Most neurological damage occurs to fetuses prior to the onset of labor. Developing a screening tool to detect this damage is one of the goals of a new fetal monitoring system developed by researchers at the University of Arkansas for Medical Sciences in Little Rock.

The high-tech device, nicknamed SARA (Squid Array for Reproductive Assessment), relies on an array of 151 sensors that detect and record extremely weak signals generated from naturally occurring magnetic fields in the body. The system provides a graph that shows the changes in fetal heart rate, brain activity, and other vital functions as well as changes in the mother’s uterus.

Over the last two decades researchers have used SQUID arrays to assess adult brain activity. The technique of recording magnetic signals from the brain is called magnetoencephalography (MEG). Signals captured by the arrays are superimposed over images produced from imaging modalities such as computed tomography and magnetic resonance to give a complete picture of the adult brain and neuromuscular system.

In their research with SARA, Dr. Curtis Lowery, director, division of Maternal-Fetal Medicine, University of Arkansas for Medical Sciences and his colleague Hari Eswaran, director of the SARA Laboratory, University of Arkansas for Medical Sciences, found that the brain and heart signal patterns of healthy fetuses are far more complex than those of fetuses with problems. They have followed 70 patients since they began their fetal MEG research in 2005. "In theory high-risk fetuses produce less complex and more predictable signals than a healthy fetus," explains Lowery. "We now have some evidence that healthy fetuses produce very complex signals."

NIBIB support has allowed the researchers to fine tune SARA’s signal processing capabilities to produce a more complete picture of maternal/fetal heart/brain activity and their relation to uterine activity. "Normally [researchers] record brain and heart activity separately and then correlate it," says Lowery. "With SARA we record both activities on the same computer system so the correlation is easier."

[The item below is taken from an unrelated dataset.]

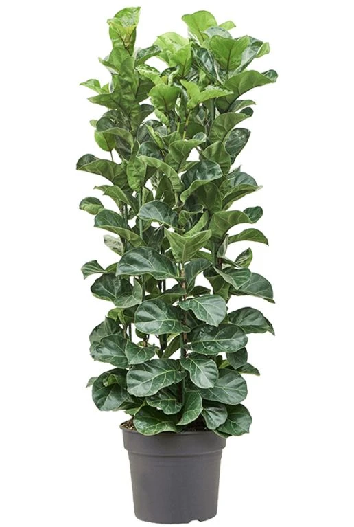 Deze prachtige groene grote kamerplant heeft de naam Ficus Lyrata Bambino. Hij heeft veel weg van de Ficus Lyrata, maar net wat kleinere bladeren vandaar de naam ‘Bambino’.

Tracking Brain and Heart Activity

SARA has the potential to provide an array of monitoring capabilities. For instance, the researchers have mapped fetal brain function in response to sound and light stimuli. Early results show that normal fetuses produce responses to these stimuli from a small area of the cortex while spontaneous brain activity involves the whole brain. The investigators also discovered that healthy fetuses can discriminate between two different sound frequencies while neurologically impaired fetuses cannot.

The system’s ability to track heart function has enabled the researchers to study cardiac development as well as to monitor therapeutic drug interventions. A popular drug used to treat abnormal fetal heart rhythms is administered to the mother and crosses the placenta. One of the drug’s drawbacks is widening of a critical heart interval. With SARA, clinicians can monitor the mother and fetus and, if the complication arises, quickly stop the drug.

The researchers have completed recording data on normal mothers and fetuses and have turned their attention to mothers at high risk including those with pre-eclampsia, diabetes, and those who smoke. A key goal of the project is to extract three-dimensional data for both mother and fetus using ultrasound and electrical signaling. "Ultimately we would like to combine both structural and functional information," says Eswaran. "It seems simple but it means mapping two different coordinate systems." To produce a 3D image, the researchers must develop new algorithms or mathematical formulas so that the ultrasound and electrical signals can be combined in the same spatial dimension.

Lowery notes that a SARA system will be installed in Tuebingen, Germany in 2007 and he anticipates more widespread use in the next three years as SARA gains attention in the research community. "This is a research tool with clinical applications but we need multiple applications for widespread use," he says. Other potential applications include noninvasive bladder and digestive tract studies as well as reproductive studies in nonpregnant women.

In addition to support from NIBIB, the research is supported by the National Institute of Neurological Diseases and Stoke.

References:

Eswaran H, et al., Fetal magnetoencephalography—a multimodal approach. Developmental Brain Research 154: 57-62, 2005.

Preissl H, et al., Fetal magnetoencephalography: current progress and trends. Experimental Neurology 190: S28-S36, 2004.

Researchers recorded a fetus at 36 weeks responding to sound stimuli and monitoring spontaneous brain activity. (Left): A cartoon indicates the intrauterine fetal position at the time of the study obtained using ultrasound. (Bottom left): The location of spontaneous brain activity and responses to sound are shown over SARA's 151 sensor array. (Bottom right): A color-coded map shows the magnetic field distribution for brain activity and sound response. The color-coding is based on the intensity and the direction of the magnetic fields at a given time point. Images courtesy of Hari Eswaran, University of Arkansas for Medical Sciences.